====== Dataset entries ======
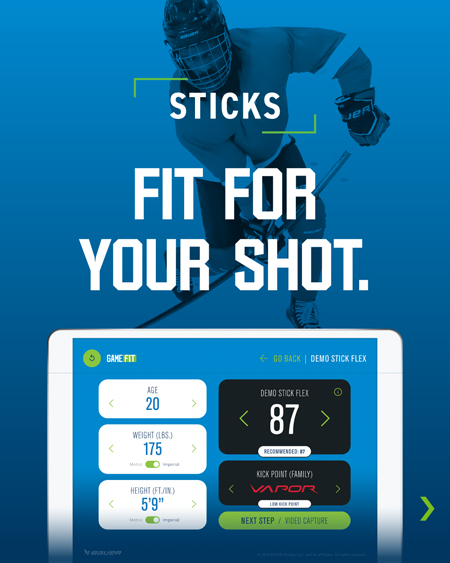 バウアーのゲームフィットセンターによって自分に合ったをスティックを導き出してくれます!
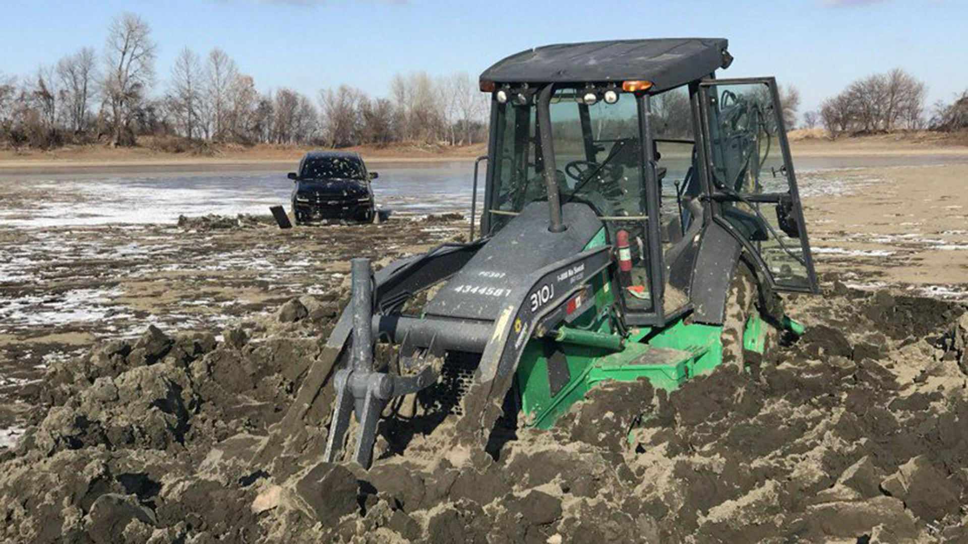 Later that day, the owner of the truck rented a backhoe to try and pull the Silverado out, but the backhoe also broke through the ice, and is even more entombed in frozen mud as of last report.
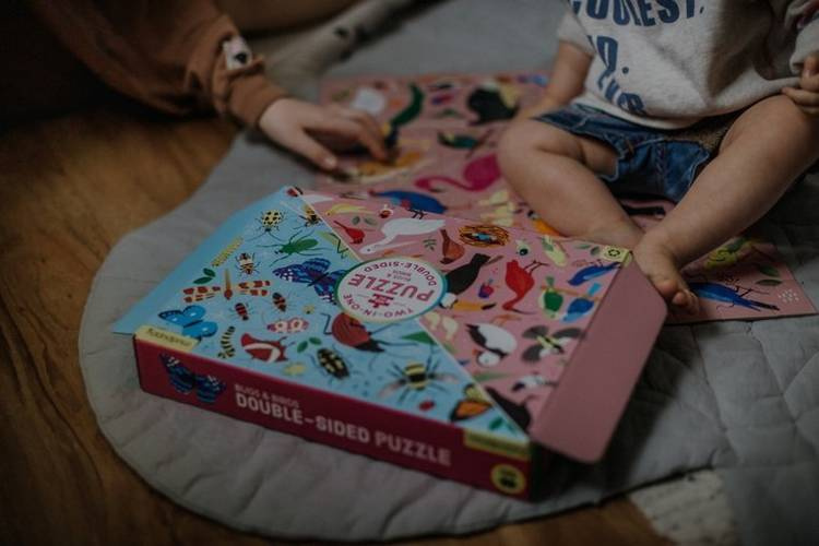 Puzzle dwustronne Robaki i ptaki amerykańskiej marki MUDPUPPY nadają układaniu puzzli nowy wymiar – na samym złożeniu sporego obrazka (o wymiarach 55 x 42 cm) zabawa się bowiem nie kończy. Po obróceniu go okazuje się bowiem, że na drugiej stronie powstała kolejna, zupełnie nowa ilustracja! Następnym razem dziecko może zacząć układanie właśnie od niej. Jedna strona puzzli przedstawia wiele gatunków ptaków na różowym tle, druga – mnóstwo różnorodnych owadów na tle niebieskim. Niebanalny design i piękne kolory dodatkowo zachęcają do zabawy. Taka układanka to również świetny sposób na pierwsze lekcje przyrody i poznanie ciekawych stworzeń.
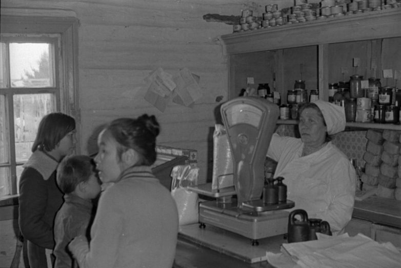 1965. Продавщица Зоя Коноплева. В магазине, поселок Ухта
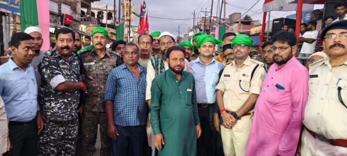 फ्लैग मार्च बड़ा चौक मुस्लिम बाजार मौलाना अब्दुल चौक कालीबाड़ी चौक जेपी चौक अंबेडकर चौक नेताजी चौक होते हुए भंडारीडीह पहुंची। इस मौके पर एसपी और अन्य अधिकारियों ने लोगों से शांतिपूर्ण माहौल में मोहर्रम पर्व मनाने की अपील की। इस मौके पर भंडारीडीह में अंजुमन कमेटी की ओर से एसपी समय सभी अधिकारियों का स्वागत पगड़ी बांधकर किया गया। इस मौके पर एसपी दीपक कुमार शर्मा ने सभी जिले वासियों को मोहर्रम की शुभकामनाएं देते हुए यह पर्व अमन चैन और शांति के साथ मनाने की अपील की। कहा की जिले में मुहर्रम त्यौहार को लेकर सुरक्षा व्यवस्था की पुख्ता इंतजाम किए गए सभी थाना और अनुमंडल क्षेत्र में स्थानीय लोगों के साथ बैठक की गई है। छोटी मोटी घटनाओं को निपटा लिया गया है। इन्होंने कहा कि अफवाहों पर ध्यान ना दें और कहीं भी कुछ परेशानी हो तो पुलिस को सूचना दें। पुलिस आपकी सेवा में सदैव तत्पर है।
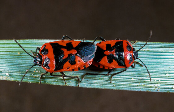 The shield bug (Eurydema ornata), mating bugs on a green plant
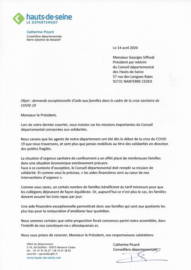Pour une aide exceptionnelle aux familles en situation de précarité par Catherine Picard · 20 avril 2020 La lettre en pdf Partager !
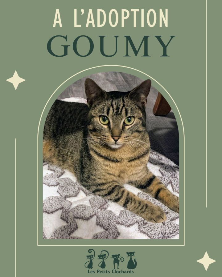 Goumy cache derrière sa timidité un cœur tendre qui ne demande qu'à s'ouvrir. Ce jeune chat au regard expressif attend une famille qui saura prendre le temps de le découvrir et l'aimer.
======
Print every entry exactly; omit the pictures.

Solution to the problem:
 バウアーのゲームフィットセンターによって自分に合ったをスティックを導き出してくれます!
 Later that day, the owner of the truck rented a backhoe to try and pull the Silverado out, but the backhoe also broke through the ice, and is even more entombed in frozen mud as of last report.
 Puzzle dwustronne Robaki i ptaki amerykańskiej marki MUDPUPPY nadają układaniu puzzli nowy wymiar – na samym złożeniu sporego obrazka (o wymiarach 55 x 42 cm) zabawa się bowiem nie kończy. Po obróceniu go okazuje się bowiem, że na drugiej stronie powstała kolejna, zupełnie nowa ilustracja! Następnym razem dziecko może zacząć układanie właśnie od niej. Jedna strona puzzli przedstawia wiele gatunków ptaków na różowym tle, druga – mnóstwo różnorodnych owadów na tle niebieskim. Niebanalny design i piękne kolory dodatkowo zachęcają do zabawy. Taka układanka to również świetny sposób na pierwsze lekcje przyrody i poznanie ciekawych stworzeń.
 1965. Продавщица Зоя Коноплева. В магазине, поселок Ухта
 फ्लैग मार्च बड़ा चौक मुस्लिम बाजार मौलाना अब्दुल चौक कालीबाड़ी चौक जेपी चौक अंबेडकर चौक नेताजी चौक होते हुए भंडारीडीह पहुंची। इस मौके पर एसपी और अन्य अधिकारियों ने लोगों से शांतिपूर्ण माहौल में मोहर्रम पर्व मनाने की अपील की। इस मौके पर भंडारीडीह में अंजुमन कमेटी की ओर से एसपी समय सभी अधिकारियों का स्वागत पगड़ी बांधकर किया गया। इस मौके पर एसपी दीपक कुमार शर्मा ने सभी जिले वासियों को मोहर्रम की शुभकामनाएं देते हुए यह पर्व अमन चैन और शांति के साथ मनाने की अपील की। कहा की जिले में मुहर्रम त्यौहार को लेकर सुरक्षा व्यवस्था की पुख्ता इंतजाम किए गए सभी थाना और अनुमंडल क्षेत्र में स्थानीय लोगों के साथ बैठक की गई है। छोटी मोटी घटनाओं को निपटा लिया गया है। इन्होंने कहा कि अफवाहों पर ध्यान ना दें और कहीं भी कुछ परेशानी हो तो पुलिस को सूचना दें। पुलिस आपकी सेवा में सदैव तत्पर है।
 The shield bug (Eurydema ornata), mating bugs on a green plant
Pour une aide exceptionnelle aux familles en situation de précarité par Catherine Picard · 20 avril 2020 La lettre en pdf Partager !
 Goumy cache derrière sa timidité un cœur tendre qui ne demande qu'à s'ouvrir. Ce jeune chat au regard expressif attend une famille qui saura prendre le temps de le découvrir et l'aimer.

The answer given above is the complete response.